Bekleyiş
Gecenin üçü, ölümün sessiz esintisi,
Ay yükselir karanlık semada,
Bir yüzü hep Arz'a dönük,
Aydınlık, ışıl ışıl bakıyor.
Öteki yüzü karanlık, arkası dönük.
Bakmaz, asla göstermez kendini,
Uzaklara dalıp, seni düşünürüm,
Görürüm işte o an, semadaki Dolunay'ı.
Sana benzetirim, seni görürüm orada,
Ben karanlık taraftaymışcasına,
Fark edilmeyip görülmeyen biri gibi,
Benden ayrı olanlar ise,
Arz misali sana görünen, seni gören.
Hasretlik çekmeyip, senden faydalanıp, ışığınla aydınlananlar.
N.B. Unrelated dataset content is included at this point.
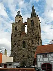 The St. Nikolai church is the largest medieval church in Jüterbog, Brandenburg, Germany. The nave is a Brick Gothic hall church construction with field stone dual towers that dominate the cityscape. The church was first mentioned in 1307 and likely consecrated in 1488. The Patron saint is St. Nicholas of Myra.

Ben ise zifiri gecelerde kalıp,
Bir ömür bile geçse usul usul bekleyenim.
Haberin var mı, yok mu asla bilmem.
Çünkü hiçbir zaman çevirmezsin ki yüzünü bana karşı.
Ben ölümü, sevdayı, suyu, ateşi bekleyenler gibi,
Sessiz bir köşede oturur beklerim.
Karanlık çökse de üzerime.
Görmese de gözlerim ne Güneş'i ne seni,
Yine de isyan etmem.
Figan edip feryatlara düşmem.
İçimde umudun bir tutam yaprağı yeşerir her daim.
Belki diye başlar cümlelerim,
Belki dönersin, bakarsın bana diye,
Umutla dolar; yüreğim, gözlerim, ruhum.
Ama sen asla dönmeyeceksin,
Gelmeyeceksin, bakmayacaksın bana bilirim.
Lakin yine de bekler dururum seni.
Değil bin yıl, yüz binlerce yıl geçsede.
Hiç usanmadan, bıkmadan, kıpırdamadan.
Sessiz sessiz akıtırım gözyaşlarımı.
Akan damlalar belki nehir olurda.
Bir kayığa binip gelirsin diye bekliyorum seni.